The collection of books has gradually been built up over the years, mainly by bequests from distinguished and learned Freemasons. Among these was William Watson, whose MS copy of a Knights Templar and a Royal Arch ritual of about 1800 is one of the gems held by the library, and was the foundation of J.R. Clarke’s book Early Sheffield Rituals. Another notable item is a copy of Robert Fludd’s Utriusque Cosmi Maiores, published in 1619.
There is a full set of AQC, and other well-known research Lodges’ transactions are well represented. In addition to
the usual English Masonic books, there are respectable sections of Scottish, Irish, American, French and German publications.
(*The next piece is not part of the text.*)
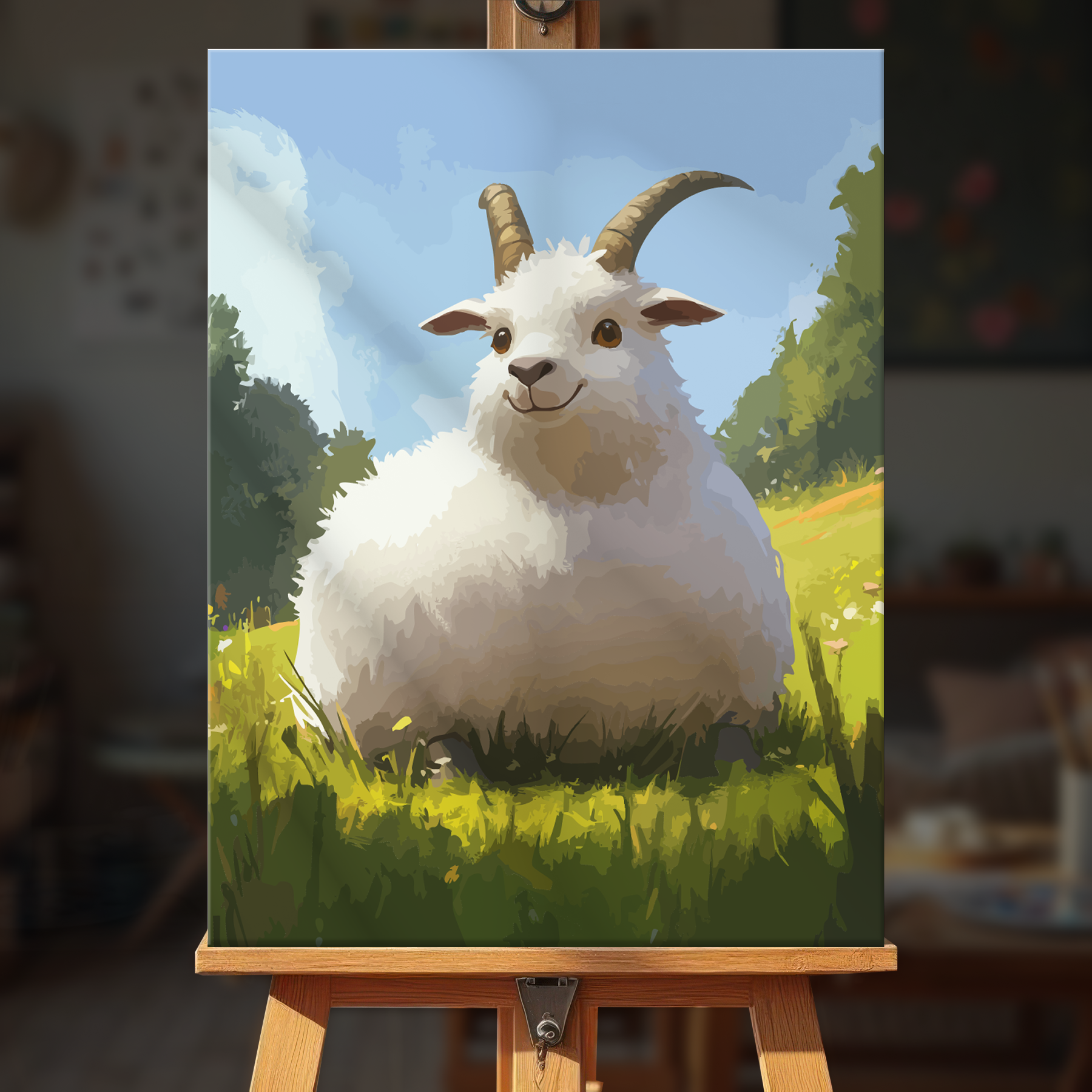 The canvas is pre-stretched on a wooden frame โ ready to hang when finished.

While all aspects of Freemasonry are represented in the collection, the emphasis is on the esoteric. This no doubt reflects the intense interest that the founding secretary of the College, David Flather had in such matters. He was a great collector of books and artefacts and, apart from a few items still held by his family, they were left to the library and museum.
Subsequently he was appointed Senior-Substitute Magus of the Society, and was later asked to assume the role of Supreme Magus, which he turned down because of age and ill-health. He was also a Grand Officer, a Past Master of Quatuor Coronati Lodge and a Master Cutler for Sheffield.
The museum has a collection of more than 70 items of glassware, from flasks and firing glasses to 18th century rummers and glasses with die in the base. There is also a small collection of Masonic and other ceramics vessels decorated with Masonic and quasi-Masonic symbols.
In 1970, valuable additions to the library came from the transfer of many books, certificates, letters, jewels and aprons from the West Yorkshire Provincial Library.
In 1973, a valuable collection of Masonic aprons belonging to Brooke Lodge No. 3608, which had to vacate it premises, was transferred to the College library.
There are more than 100 Masonic aprons, dating from 1760 onwards. Some of the aprons are from friendly societies such as the Free Gardeners, the Order of Druids and the Loyal United Free Mechanics, with a song book compiled in 1834 by the Master of The LUF Mechanics Lodge No. 25, Todmorden. There are also over 1,000 jewels, some of which come from friendly societies.
The archive section contains about 4,000 documents of every description, including original French summonses, print and MS, dating from 1781. There is a box containing an unusual set of handwritten and illustrated rituals for the Order of the Golden Dawn.